Culture – Loisirs

Un stade nautique en projet à Mérignac

Par Yves Maugue, France Bleu Gironde lundi 26 septembre 2016 à 4:00

La piscine de Mérignac a aujourd'hui 40 ans et doit être refaite.
La piscine de Mérignac a aujourd'hui 40 ans et doit être refaite. - © Ville de Mérignac

Alors que la piscine de Mérignac, vétuste, est à reconstruire, la ville de Mérignac défend l'idée d'un stade nautique aux normes olympiques financé en partie par la Métropole de Bordeaux. Aujourd'hui, aucun équipement en Aquitaine ne peut accueillir des compétitions nationales de natation.

Peut-être bientôt un stade nautique à Mérignac. La piscine actuelle, fréquentée par 250.000 nageurs chaque année, fuit de partout. 40 ans après sa construction, il faut la refaire. Et la ville de Mérignac aimerait en profiter pour construire un stade nautique capable d'accueillir des compétitions nationales ou internationales. Un projet de 35 millions d'euros qui pourrait être validé d'ici la fin de l'année. Ce stade nautique a déjà été inscrit dans la liste des projets retenus par Bodeaux Métropole. Car la piscine de Mérignac rayonne au-delà de la ville elle-même. Près de la moitié de ses utilisateurs ne sont pas mérignacais mais pessacais ou bordelais. Et un stade nautique avec un bassin de 50 mètres avec tribune serait le seul en Aquitaine à pouvoir accueillir des épreuves de haut niveau de natation.

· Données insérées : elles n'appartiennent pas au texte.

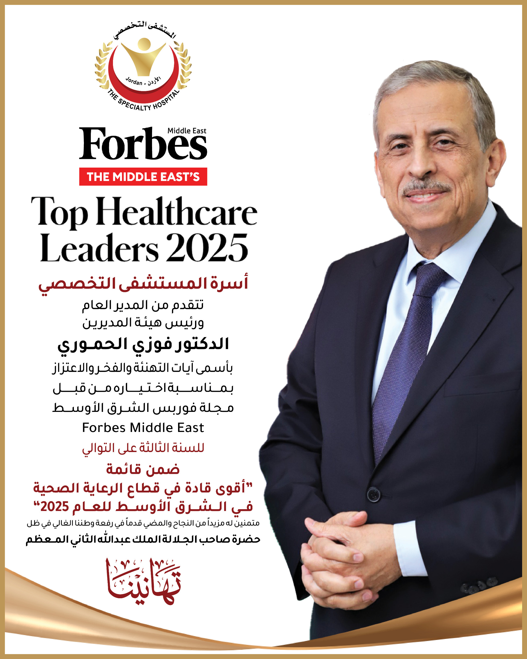 الحموري ضمن أقوى قادة الرعاية الصحية في الشرق الأوسط لعام 2025

Faisons d'une pierre deux coups avec la réfection du bassin et la création d'un bassin olympique.
— Alain Anziani, sénateur-maire de Mérignac

L'idée est donc déjà bien avancée. D'autant que les travaux de la piscine de Mérignac deviennent urgents. Problème de confort, vestiaires en piteux état et surtout un bassin qui menace de se fendre à tout moment. La note d'une reconstruction à l'identique serait de 20 millions d'euros. Un stade nautique avec, en plus des bassins ludiques pour les plus jeunes, monterait la note à 35 millions. Le jeu en vaut la chandelle selon la ville de Mérignac qui n'attend plus que le feu vert de la Métropole d'ici la fin de l'année. Les dernières négociations concernent la part de chacun dans le financement du projet.

Alain Anziani : "C'est ingénieux. On fait des économies en faisant les deux bassins en même temps."